Она с облегчением избавилась от него, от этой чудовищной штуки. Когда он перешел от разговоров с ней во сне к шипению своих отвратительных предложений через материал платья и любое количество слоев в часы бодрствования, она впала в отчаяние. Травка не помогала, она попыталась смешать ее с выпивкой. И посмотрите, куда это завело. Но ей нужно было, чтобы они были с ней честными.
Как только они ее зашили и связали, и сделали переливание, чтобы заменить то, что она потеряла, прежде чем посадить ее в химическую смирительную рубашку, они позволили ей поговорить с психоаналитиком, с настоящим доктором. Он был хорош собой и у него были такая фантастическая героическая челюсть с легкой дневной щетиной, отливавшей синевой, и подбородок, который хотелось погладить кончиками пальцев. Женат, конечно же, и слишком старый для нее, но она могла себе представить, как ее мать, с этой ее демонстративной невинностью, называет его прекрасным, честным человеком.
Он был добр, но тверд. Он прогнал ее через батарею тестов. Она должна была назвать премьер-министра, и сказать дату – тут она ошиблась, и вспомнить девичью фамилию матери – и тут она, ура, все сделала правильно. Он заставил ее взглянуть на чернильные кляксы с цветными пятнами и сказать, что она видит. Он заставил ее отвечать на многовариантные вопросы типа: «Вы видите, как мальчик раздавил ногой червяка. Вы а) чувствуете тошноту б) смеетесь или в) ничего не чувствуете» или «В доме пожар и вы может вынести только одну вещь. Что вы будете спасать а) свою любимую книгу, б) любимое платье или в) свою швейную машинку».
К нему присоединилась социальный работник. Девушка. Практичная обувь. Не привлекательная. Она задавала ей самые разные вопросы о Хейвергале и ее семье, о ее родителях, о планах на университет, и есть ли у нее парень, и, ах да, есть ли лучшая подруга, ну да, а как отношения с сестрой. Ну и так далее.
Наконец она сама получила возможность задать несколько вопросов, и она спросила.
– Ты не беременна, – сказал ей психоаналитик. – Ребенка не было.

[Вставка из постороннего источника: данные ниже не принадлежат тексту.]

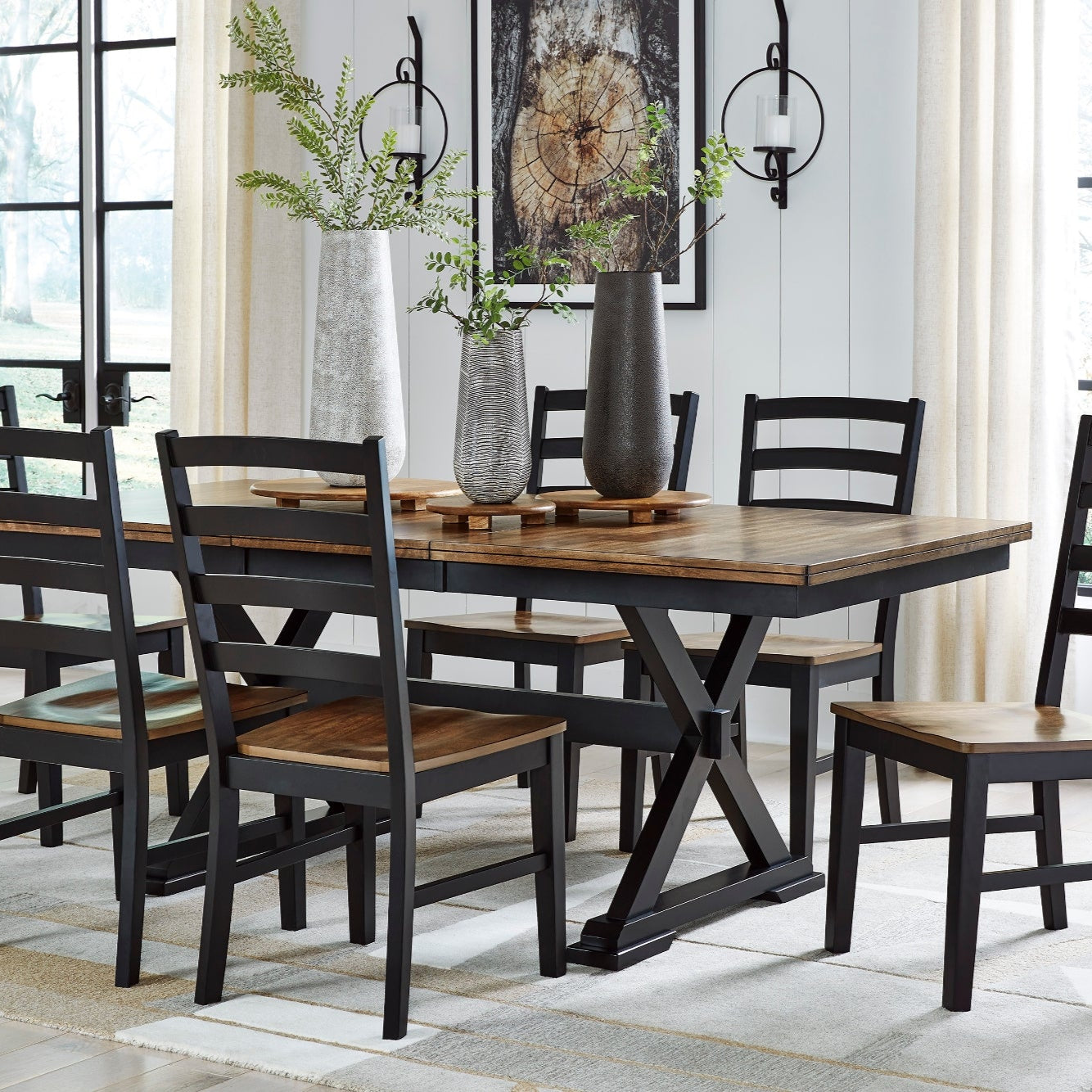 L'ensemble de salle à manger Wildenauer D634-35/01x6 de Ashley incarne à merveille l’esprit du style campagnard modernisé. Avec sa finition bicolore distinctive et son plateau en placage de bois de manguier façon bloc de boucher, la table offre un contraste visuel chaleureux et accueillant. Sa silhouette robuste et sa structure en bois massif lui confèrent une solidité remarquable, tout en évoquant l’authenticité des meubles rustiques. Les six chaises assorties, à dossier en échelle et assise profilée, complètent parfaitement l’ensemble avec une esthétique équilibrée entre tradition et modernité.

Тут-то она сразу поняла, что они сделали. Она попыталась припомнить как это все было, трепет пульса в запястьях, память о боли и крови, чтобы сообразить, когда они сделали это. Возможно, они незаметно вкололи инъекцию? Возможно, она несколько часов валялась в отключке и не знала, что происходит?
Наконец, ей позволили выбираться из постели дальше ванной. Химическую смирительную рубашку ей ослабили, так что она могла ходить самостоятельно. Ну, не ходить, а шаркать. Походка, как и язык, по-прежнему оставались заплетающимися и неуклюжими. Ей разрешили напялить халат и тапочки, чтобы присоединиться к компании травмированных девиц и сумасшедших дам с тетками, слоняющихся повсюду. Вы бы пересели на другой автобус, чтобы избежать встречи с ними. Ей пока не разрешали выходить из отделения. Ее держали в ночной рубашке и таким способом добивались своего. Другие пациенты, одетые должным образом, могли беспрепятственно разгуливать по всему зданию, даже садиться в лифт и ехать вниз на цокольный этаж посидеть в кафетерии самообслуживания с видом на Колледж-стрит или, если иметь в виду пациентов, почти готовых к выписке, фактически выйти из здания и гулять по соседним улицам.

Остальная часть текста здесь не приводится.